------ Data for processing

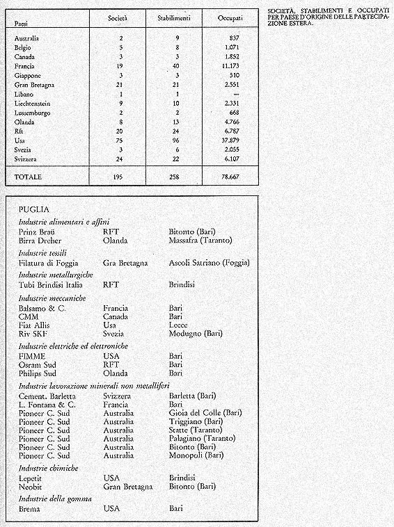 azionario non è risultato chiaramente di origine estera. Il discorso è interessante soprattutto nel momento in cui responsabili ed esperti del Ministero per gli interventi straordinari nel Mezzogiorno hanno preso contatti con alcuni Stati americani (California, Kentucky, New York) per consolidare una serie di investimenti, o per perfezionare nuovi investimenti nelle regioni meridionali, tenendo conto di due fattori rilevanti: - il Sud d'Italia può decollare solo se vi si impianteranno industrie produttrici di modernissima tecnologia; - il Sud dispone di circa 800 mila ettari di terreni irrigui - il doppio, ad esempio, rispetto ad Israele - e dunque può essere in grado di sviluppare un tipo di agricoltura specializzata d'avanguardia, con produzioni anticipate o ritardate, grazie a un clima che nessun altro Paese (tranne forse la Grecia la Spagna e il Portogallo) può permettersi. Ma Spagna, Grecia e Portogallo non dispongono, allo stato attuale, delle infrastrutture di cui dispongono le regioni meridionali della nostra Penisola. Se non si sfrutterà tempestivamente questo vantaggio, il recupero sarà poi difficile, se non impossibile. La rilevazione dello Iasm si limita alle unità locali manifatturiere con dieci addetti e oltre. Essa pertanto esclude, salvo casi eccezionali, le società a partecipazione estera i cui stabilimenti si collochino al di sotto di quella soglia dimensionale; le eccezioni si riferiscono a quelle società che, pur operando attraverso unità locali che occupano meno di dieci addetti, sono presenti in più di due stabilimenti, occupando complessivamente, dunque, più di dieci addetti. L'inclusione o l'esclusione di società dal novero di quelle elencate e effettuata unicamente in funzione dell'accertamento della presenza di partecipazioni estere; questo comporta, tra l'altro, l'inclusione di società le cui iniziative produttive nel Mezzogiorno risalgono per lo più ad epoca anteriore agli accordi intervenuti tra le due società, e che quindi non possono propriamente ricondursi ad una specifica scelta ubicazionale di società estere. Nella rilevazione si è ritenuto opportuno estrapolare il settore elettronico ed elettrico da quello meccanico, in modo da facilitare i rilevamenti e le valutazioni nei riguardi di un comparto che sta assumendo notevole importanza nel capo manifatturiero internazionale. Caratteristiche delle iniziative rilevate Nel complesso, al giugno 1981, sulla base della nuova rilevazione, si contavano nel Mezzogiorno 258 stabilimenti facenti capo a 195 società, con un'occupazione di circa 79 mila addetti. Per quanto riguarda i Paesi di origine della partecipazione, al primo posto figuravano gli Stati Uniti, con 96 stabilimenti e un'occupazione pari a circa 38 mila unità; seguivano nell'ordine la Francia (40 stabilimenti con oltre undicimila occupati) e la Repubblica Federale Tedesca, la Svizzera e la Gran Bretagna. Nel complesso, i Paesi della Comunità Economica Europea contribuivano alla presenza industriale nelle regioni meridionali con 108 stabilimenti e con oltre 27 mila occupati.
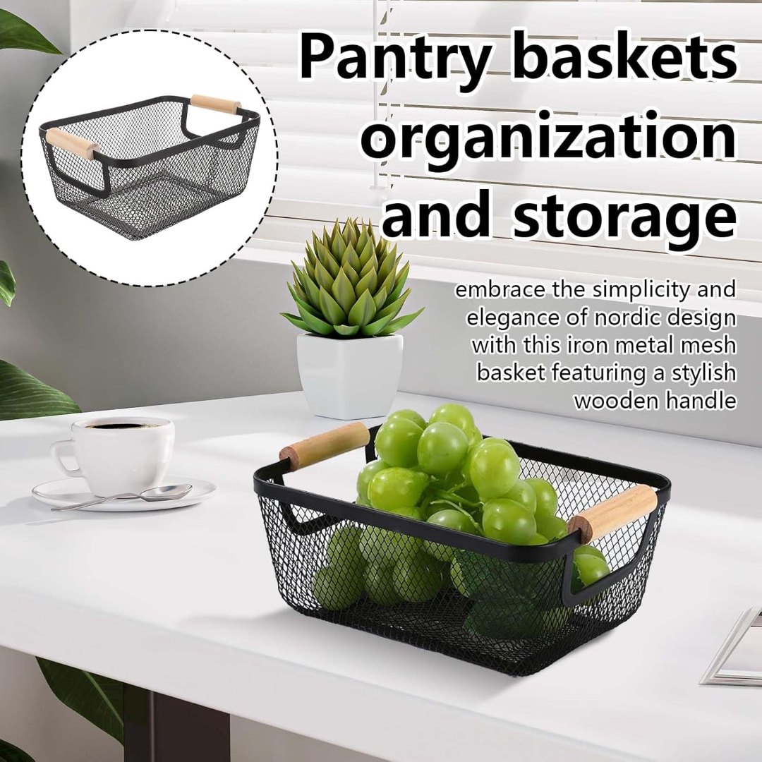 Premium Material & Perfect Size – Made from sturdy black metal mesh with a wooden handle, this storage basket is lightweight yet spacious. Dimensions: 32X20.5X13 cm—ideal for a variety of storage needs.
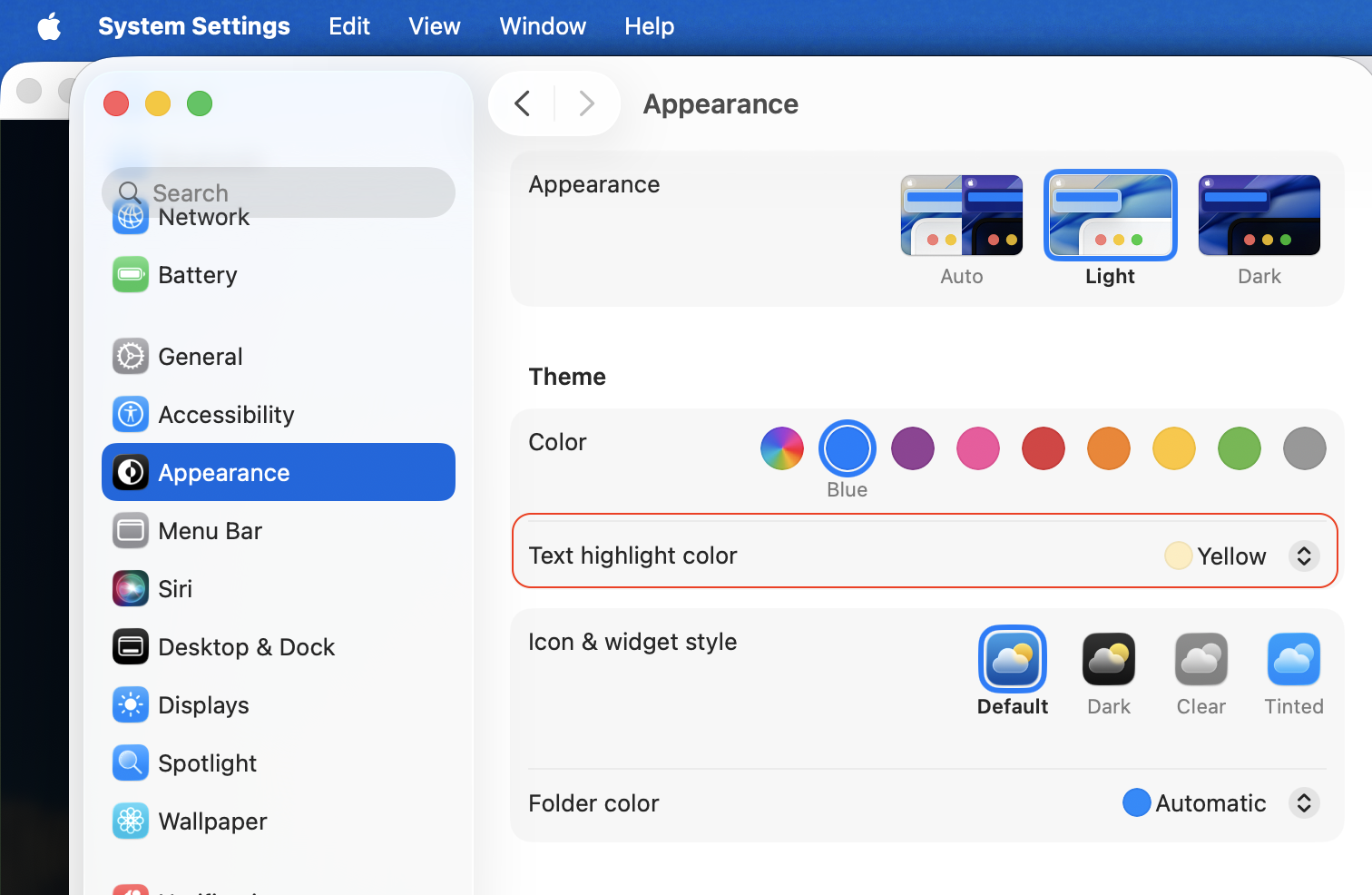 The same snippet in Sequoia (with the same Automatic setting for text highlight color):
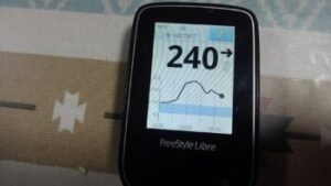 ・夕朝食前血糖値は高く、240mg/dlでした。(昼頃に缶コーヒーを1本飲みました。)
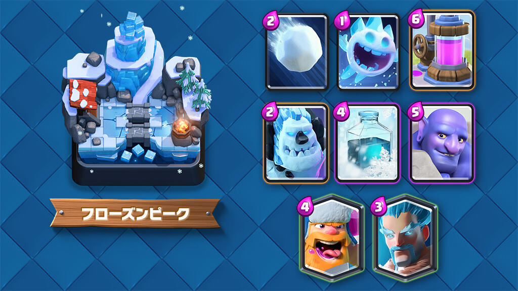 アリーナ10の「ホグマウンテン」では、エリートバーバリアンやエレクトロジャイアントといった強力なウェポンカードをはじめ、ヒールスピリットや漁師トリトンなどの汎用性の高いカードを含む10枚が解放されます。
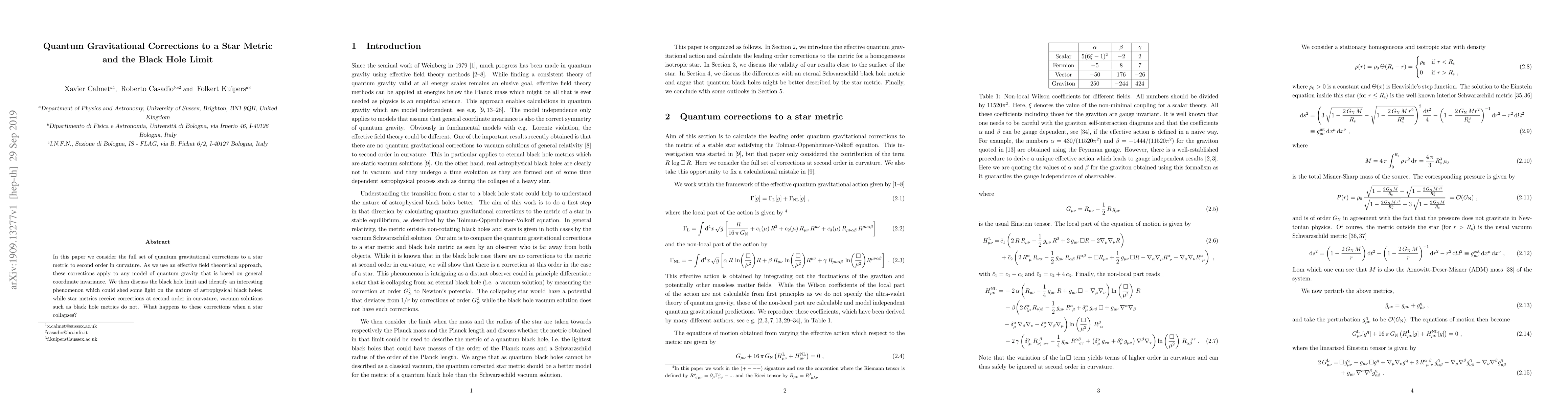 This paper examines quantum gravitational corrections to star metrics up to second order in curvature using an effective field theory, revealing that while star metrics are corrected, black hole metrics remain unaffected. It explores the implications of these findings for the transition from a star to a black hole.
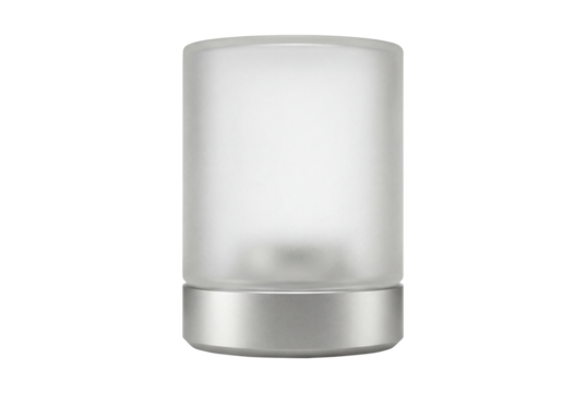 A classic glass salt shaker filled with white granules and a metallic cap, isolated on transparent background.
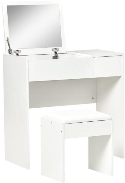 WC/sminkasztal, fehér, összecsukható tükörrel, belső rekesszel, oldalsó fiókkal és zsámollyal, 80x40x79 cm Tulajdonságok: Ideális bútort képvisel nők számára, és nem csak! Ezzel a tükrös öltözőasztallal minden alkalommal gyorsan rendet tehet. Tökéletes sminkeléshez és higiéniai ápoláshoz. Emelje fel a tetejét, és minden smink vagy arc- és arcápoláshoz szükséges
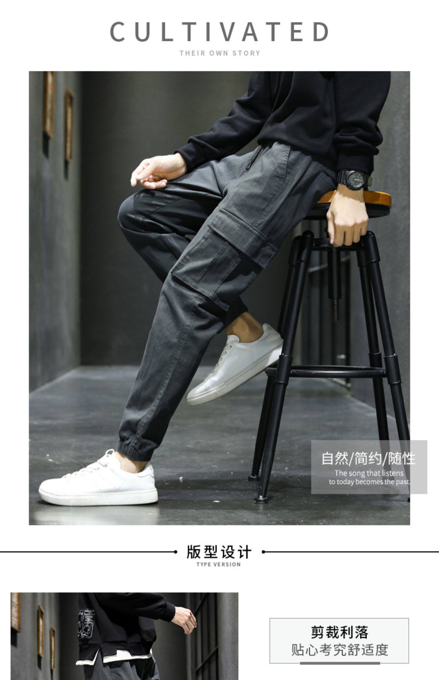 Японские осенние черные штаны, свободный прямой крой
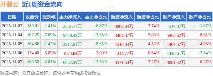 资金流向数据方面,本周开普云主力资金合计净流出2.13亿元,游资资金合计净流入1.28亿元,散户资金合计净流入8493.13万元。本周资金流向一览见下表:
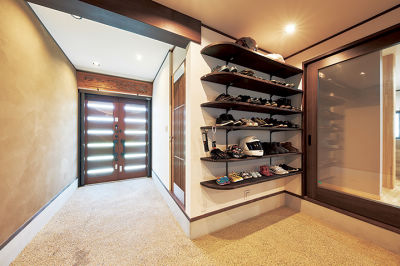 玄関アプローチの床は洗い出しで和の高級感を。靴は造作棚でオシャレな“見せる収納”に。
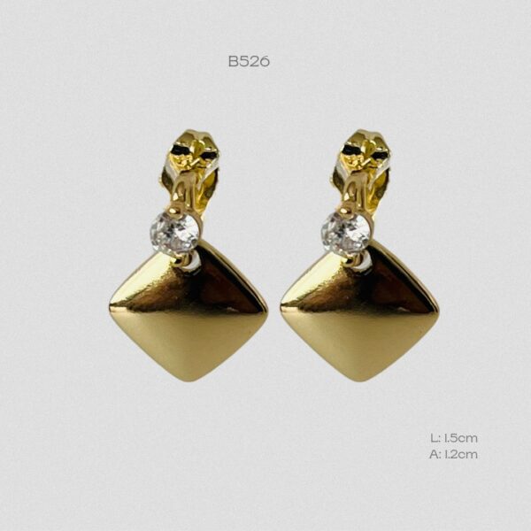 Broquel dorado con diseño de rombo colgante liso con una zirconia en la parte superior. Medidas: 1.5cm de largo y 1.2cm de ancho. Oro laminado 18k

------------

* Work task: Nothing but the lines from the one containing "资金流向数据方面,本周开普云" through the last line of the data should appear in the answer, copied exactly, with pictures excluded.

* Result of this task:
 资金流向数据方面,本周开普云主力资金合计净流出2.13亿元,游资资金合计净流入1.28亿元,散户资金合计净流入8493.13万元。本周资金流向一览见下表:
 玄関アプローチの床は洗い出しで和の高級感を。靴は造作棚でオシャレな“見せる収納”に。
 Broquel dorado con diseño de rombo colgante liso con una zirconia en la parte superior. Medidas: 1.5cm de largo y 1.2cm de ancho. Oro laminado 18k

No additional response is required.